ACTIVITY
Each line in the material below, starting at the one with "Aku minibruska je" and ending at the one with "EDIBLE & BENEFICIAL.", is to be reproduced exactly; no picture is to be copied.

DATASET ENTRIES
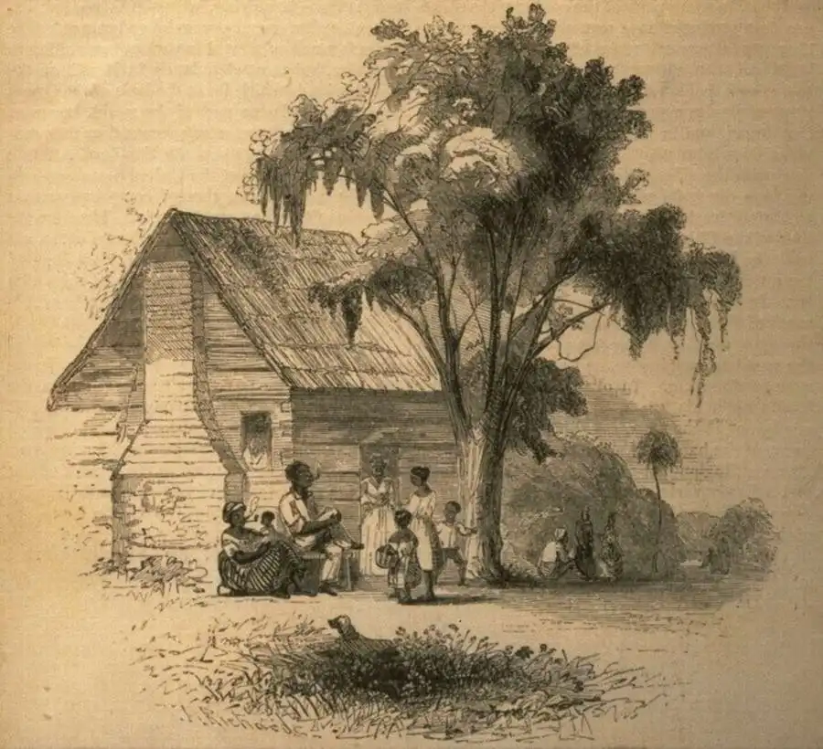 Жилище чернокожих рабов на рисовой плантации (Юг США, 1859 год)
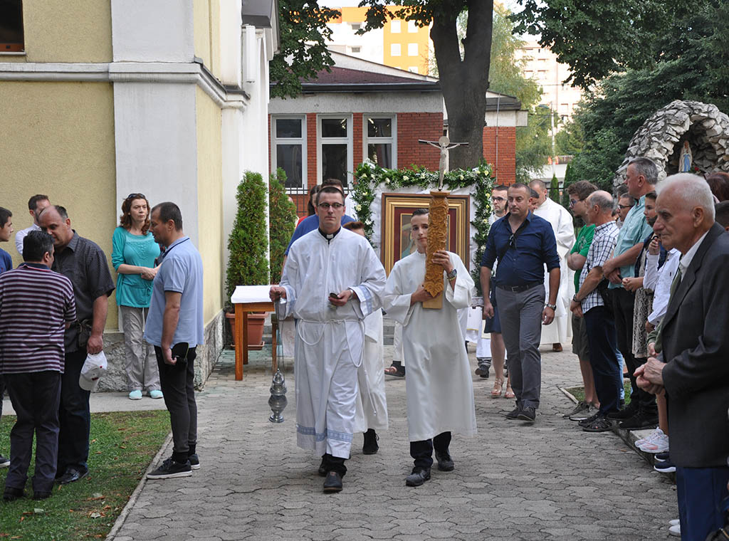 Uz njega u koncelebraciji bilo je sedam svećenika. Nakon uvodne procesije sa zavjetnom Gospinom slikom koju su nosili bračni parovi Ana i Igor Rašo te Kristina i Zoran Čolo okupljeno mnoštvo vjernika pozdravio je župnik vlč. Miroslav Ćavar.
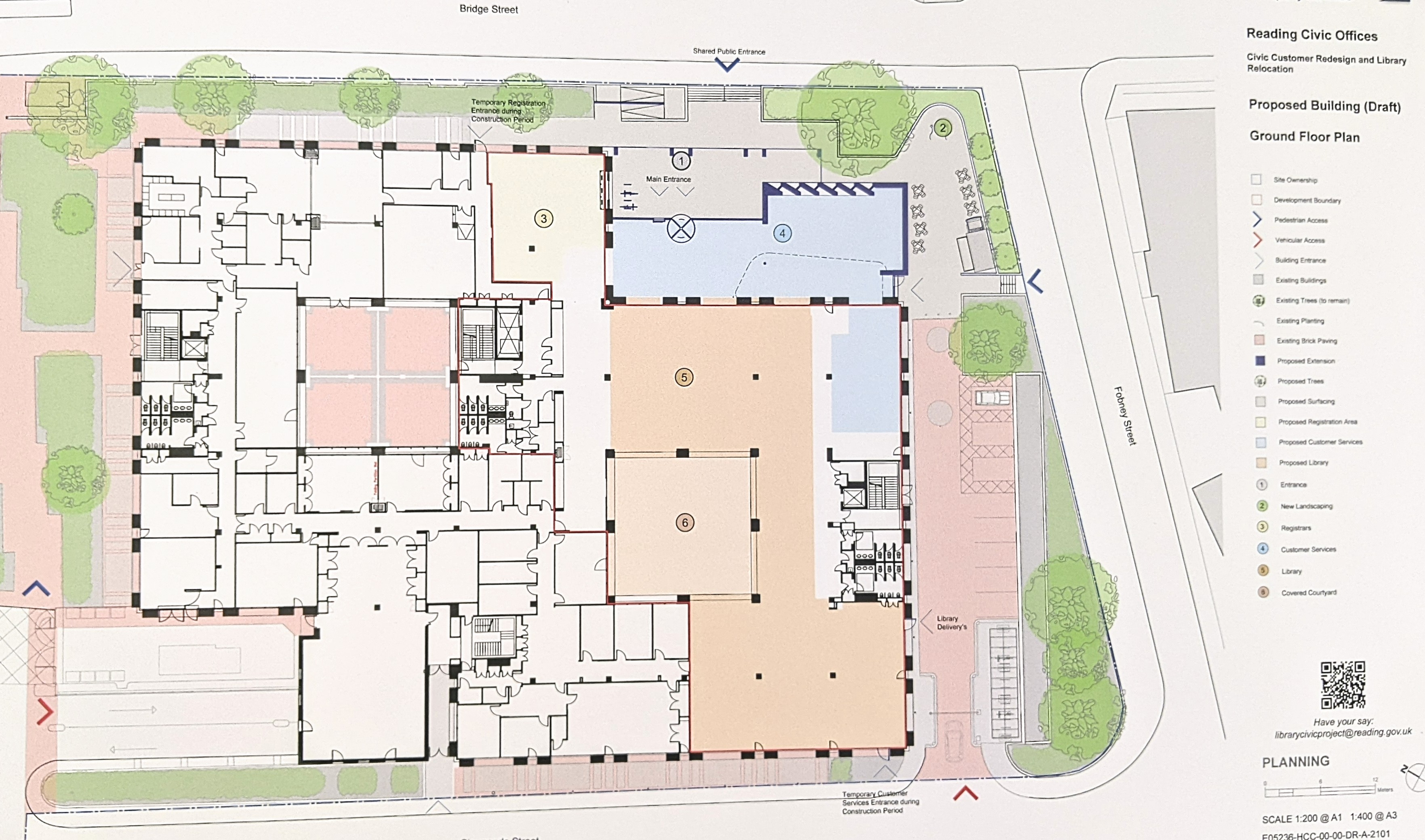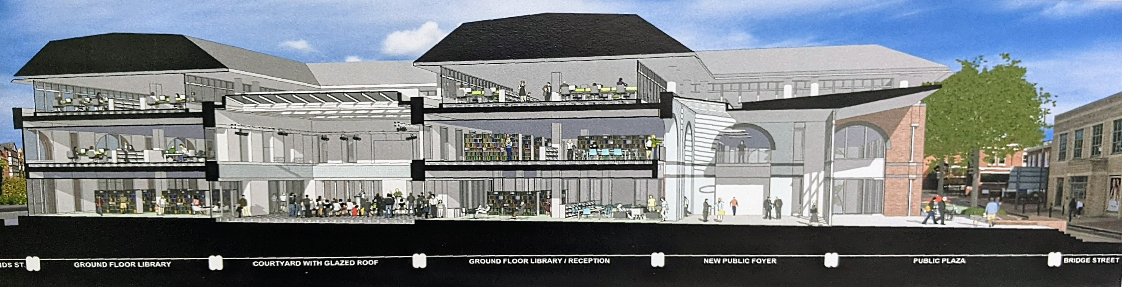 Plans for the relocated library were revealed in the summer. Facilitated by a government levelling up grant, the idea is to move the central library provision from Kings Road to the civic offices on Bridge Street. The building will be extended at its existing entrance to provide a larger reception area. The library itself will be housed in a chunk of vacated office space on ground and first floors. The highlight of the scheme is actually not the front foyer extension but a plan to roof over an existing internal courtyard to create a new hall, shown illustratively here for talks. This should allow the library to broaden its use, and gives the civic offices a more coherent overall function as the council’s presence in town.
...
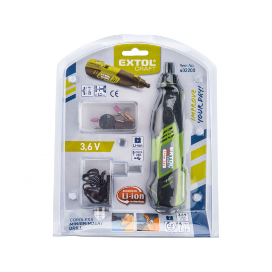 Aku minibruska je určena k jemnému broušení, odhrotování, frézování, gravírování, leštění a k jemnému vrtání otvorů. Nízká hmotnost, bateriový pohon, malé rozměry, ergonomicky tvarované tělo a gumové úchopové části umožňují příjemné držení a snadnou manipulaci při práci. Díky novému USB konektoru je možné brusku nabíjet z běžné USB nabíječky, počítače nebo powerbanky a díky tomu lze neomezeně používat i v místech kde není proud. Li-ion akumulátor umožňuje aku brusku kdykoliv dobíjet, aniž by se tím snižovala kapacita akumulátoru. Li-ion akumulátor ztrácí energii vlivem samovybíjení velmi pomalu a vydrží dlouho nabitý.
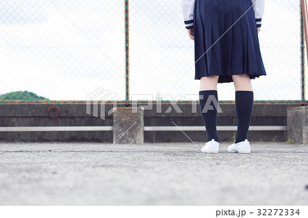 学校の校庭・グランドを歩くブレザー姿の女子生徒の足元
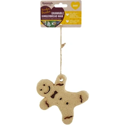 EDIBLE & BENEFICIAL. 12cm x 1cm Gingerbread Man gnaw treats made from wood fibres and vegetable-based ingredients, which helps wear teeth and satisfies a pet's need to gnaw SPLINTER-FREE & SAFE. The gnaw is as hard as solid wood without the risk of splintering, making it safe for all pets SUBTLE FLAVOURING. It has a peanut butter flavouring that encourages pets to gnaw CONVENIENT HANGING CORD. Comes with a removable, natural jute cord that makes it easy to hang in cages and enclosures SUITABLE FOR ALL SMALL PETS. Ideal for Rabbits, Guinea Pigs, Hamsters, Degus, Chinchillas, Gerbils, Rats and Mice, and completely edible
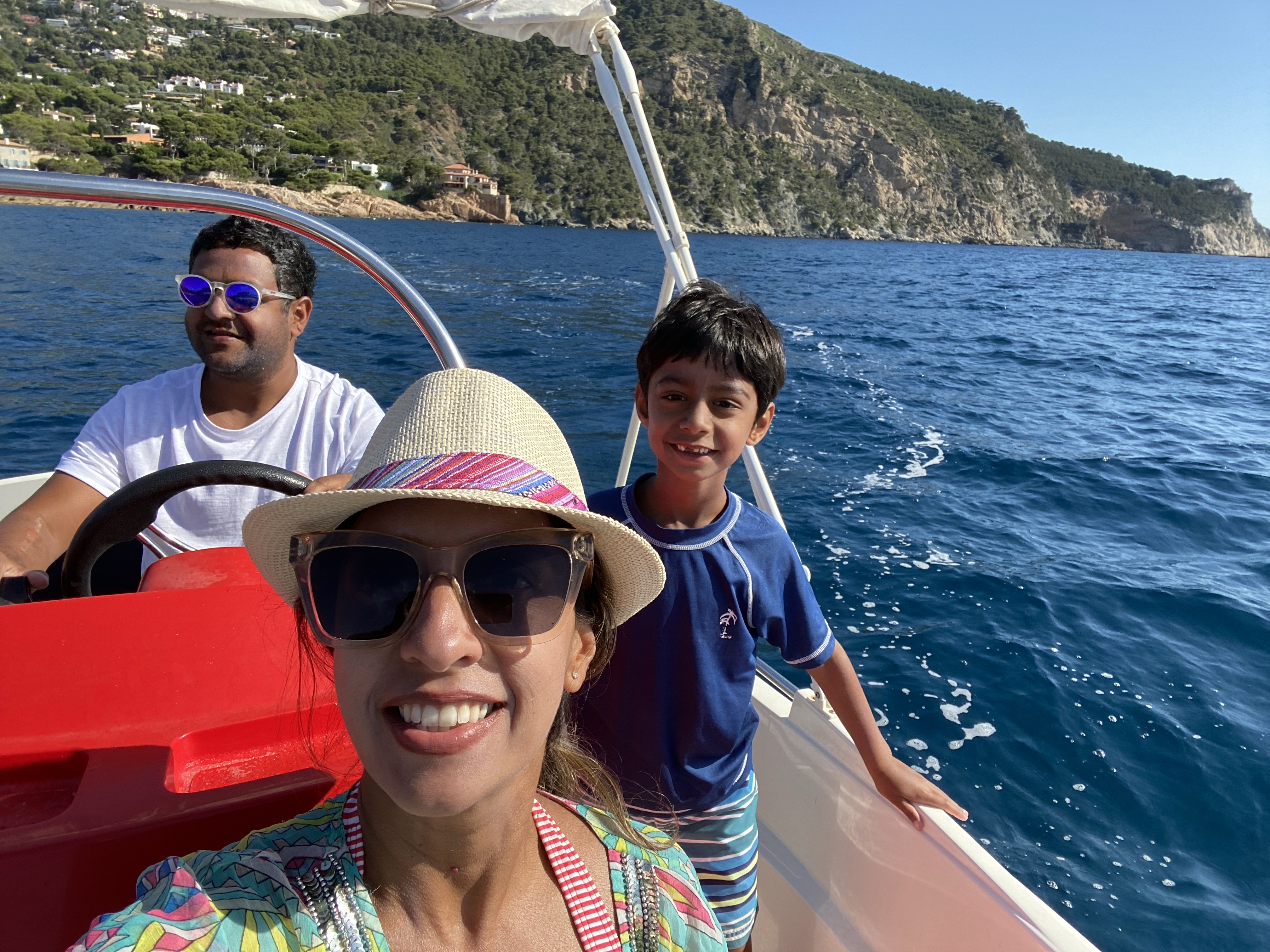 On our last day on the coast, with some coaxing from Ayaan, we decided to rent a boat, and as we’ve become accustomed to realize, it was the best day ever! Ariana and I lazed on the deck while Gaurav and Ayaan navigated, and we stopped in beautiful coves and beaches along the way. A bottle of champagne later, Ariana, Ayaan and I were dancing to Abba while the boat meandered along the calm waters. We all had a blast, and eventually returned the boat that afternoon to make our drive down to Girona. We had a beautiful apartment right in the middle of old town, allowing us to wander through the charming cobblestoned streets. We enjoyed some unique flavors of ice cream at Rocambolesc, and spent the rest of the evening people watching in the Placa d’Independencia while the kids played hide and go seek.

RESPONSE
 Aku minibruska je určena k jemnému broušení, odhrotování, frézování, gravírování, leštění a k jemnému vrtání otvorů. Nízká hmotnost, bateriový pohon, malé rozměry, ergonomicky tvarované tělo a gumové úchopové části umožňují příjemné držení a snadnou manipulaci při práci. Díky novému USB konektoru je možné brusku nabíjet z běžné USB nabíječky, počítače nebo powerbanky a díky tomu lze neomezeně používat i v místech kde není proud. Li-ion akumulátor umožňuje aku brusku kdykoliv dobíjet, aniž by se tím snižovala kapacita akumulátoru. Li-ion akumulátor ztrácí energii vlivem samovybíjení velmi pomalu a vydrží dlouho nabitý.
 学校の校庭・グランドを歩くブレザー姿の女子生徒の足元
 EDIBLE & BENEFICIAL. 12cm x 1cm Gingerbread Man gnaw treats made from wood fibres and vegetable-based ingredients, which helps wear teeth and satisfies a pet's need to gnaw SPLINTER-FREE & SAFE. The gnaw is as hard as solid wood without the risk of splintering, making it safe for all pets SUBTLE FLAVOURING. It has a peanut butter flavouring that encourages pets to gnaw CONVENIENT HANGING CORD. Comes with a removable, natural jute cord that makes it easy to hang in cages and enclosures SUITABLE FOR ALL SMALL PETS. Ideal for Rabbits, Guinea Pigs, Hamsters, Degus, Chinchillas, Gerbils, Rats and Mice, and completely edible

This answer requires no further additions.